There are farmers in Limpopo who were given land by their chiefs in Xitlakati, who are farming and exporting citrus in communal areas. What these show us is that people know and are able to do what they



can, albeit the circumstances in which they are in. What is important for me as we engage in this conversation is that if we want to build a united prosperous South Africa, we need to do so, with honesty, appreciating the pain and be able to heal those wounds of the past. We appreciate the share ownership schemes – yes, it is important, but let’s us also appreciate that, the system has been abused by some farmers who actually robbed the workers who were given shares and not give them.

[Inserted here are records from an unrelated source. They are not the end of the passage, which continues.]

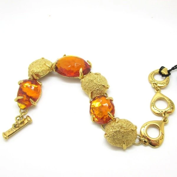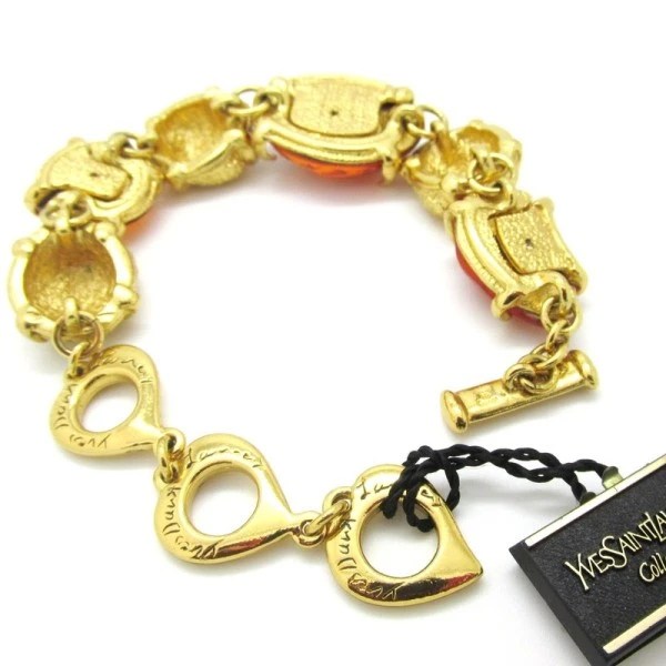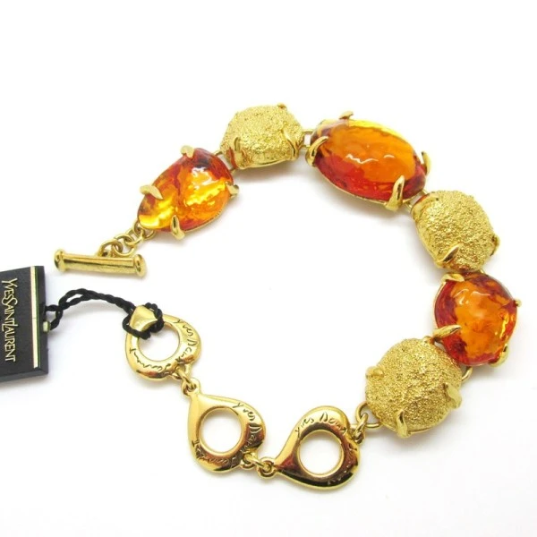 This stunning vintage bracelet by Yves Saint Laurent has orange resin cabochons and textured gold plated cabochons prong set in gold plated settings.The bracelet has a gold plated finish to the rear and has a toggle fastening. There are 3 heart shaped gold plated pieces to the bracelet near the toggle marked with the YSL logo and the toggle is also stamped with Made in France. There is also a black Yves Saint Laurent Collection tag attached to the bracelet. The bracelet measures approximately 9.06 inches (23 cm) and is in excellent unworn condition. The bracelet comes with a black rectangular Yves Saint Laurent box and is estimated to date from the 1980's.Condition: ExcellentColour/Gemstone: Gold/orangeMetal: Gold Plated Size: 9.06 inches (23 cm)Era: 1980's
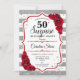 Yes, you can print on the back of your invitation for free! Most designs already have a corresponding design on the back that can be personalized using the Design Tool and going to Layers. This is a great way to communicate more information or further personalize your Surprise 50th Birthday Silver White Red Invitation. The option is really up to you.
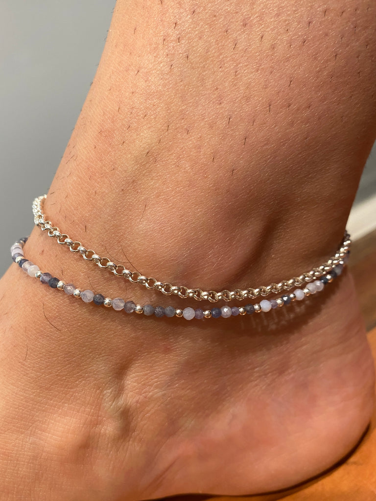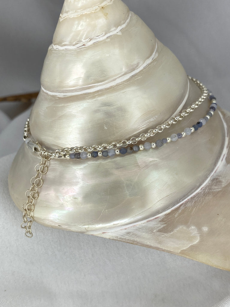 Beautiful Anklet featuring Sapphire, Tanzanite & Blue Lace Agate and a sterling silver chain creating a double strand anklet.
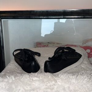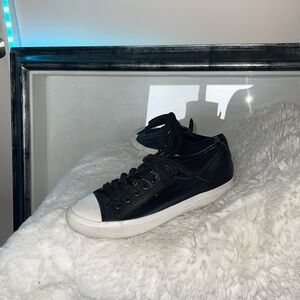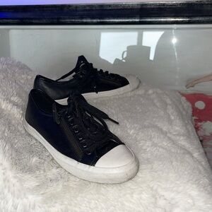 Coach Sleek black sneakers featuring a stylish zipper. Ideal for everyday wear. Genuine leather used a few times the white souls are white nothing I can do tried washing this but did my best in cleaning
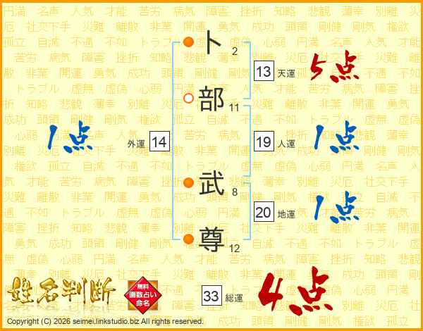 卜部武尊さんの総運は33画の4点!
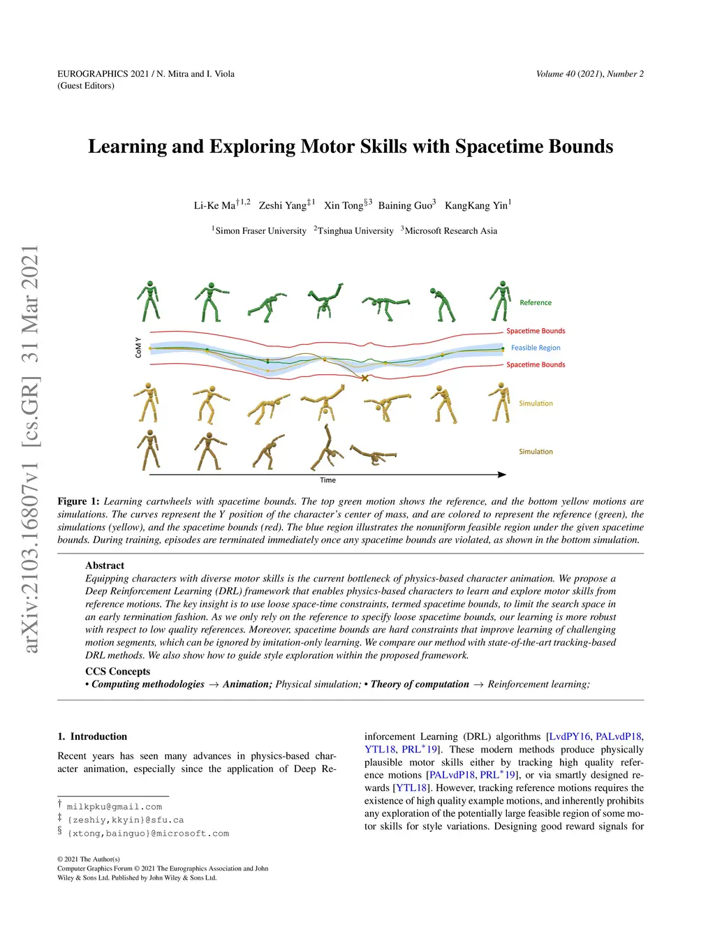 Equipping characters with diverse motor skills is the current bottleneck of physics-based character animation. We propose a Deep Reinforcement Learning (DRL) framework that enables physics-based characters to learn and explore motor skills from reference motions. The key insight is to use loose space-time constraints, termed spacetime bounds, to limit the search space in an early termination fashion. As we only rely on the reference to specify loose spacetime bounds, our learning is more robust with respect to low quality references. Moreover, spacetime bounds are hard constraints that improve learning of challenging motion segments, which can be ignored by imitation-only learning. We compare our method with state-of-the-art tracking-based DRL methods. We also show how to guide style exploration within the proposed framework

Here in the Western Cape, we have examples of those, even the latest share equity scheme of the 50/50 policy that came up with the hon Nkwinti. There have been some farmers who sold the dead duck to our people and we can’t allow that. We have a collective responsibility, all of us as members here. I want to say that the amendment of the Constitution has gone through a process where we listened to the constraints that our people present.



It is important to say that our people don’t see land expropriation without compensation as the panacea to solve the land problem in our country, but they see it as just but one instrument to assist us to deal with some of these problems. The state is saying that we are willing to release the land that is owned by the state to our people. I want to say that that work has begun - we actually know



where those lands are, what is it for agriculture, what is for human settlement and in due course we will be announcing where those land are. [Time expired.]



As I close, I also want to indicate that as we go forward, it might be necessary that beyond this debate, we should have an engagement with the select committee so that we can see what are the best solutions to the problems of agriculture in South Africa. How do we ensure that we inclusively share the experience - as we have heard from the MECs – on best models that are working, but also acknowledging where there are problems? Issues of integrity and ethical conduct are not only the issues that we must address administrators, it is equally for our partners in the sector who have acted unethically at times. Thank you very much. [Interjections.] [Applause.]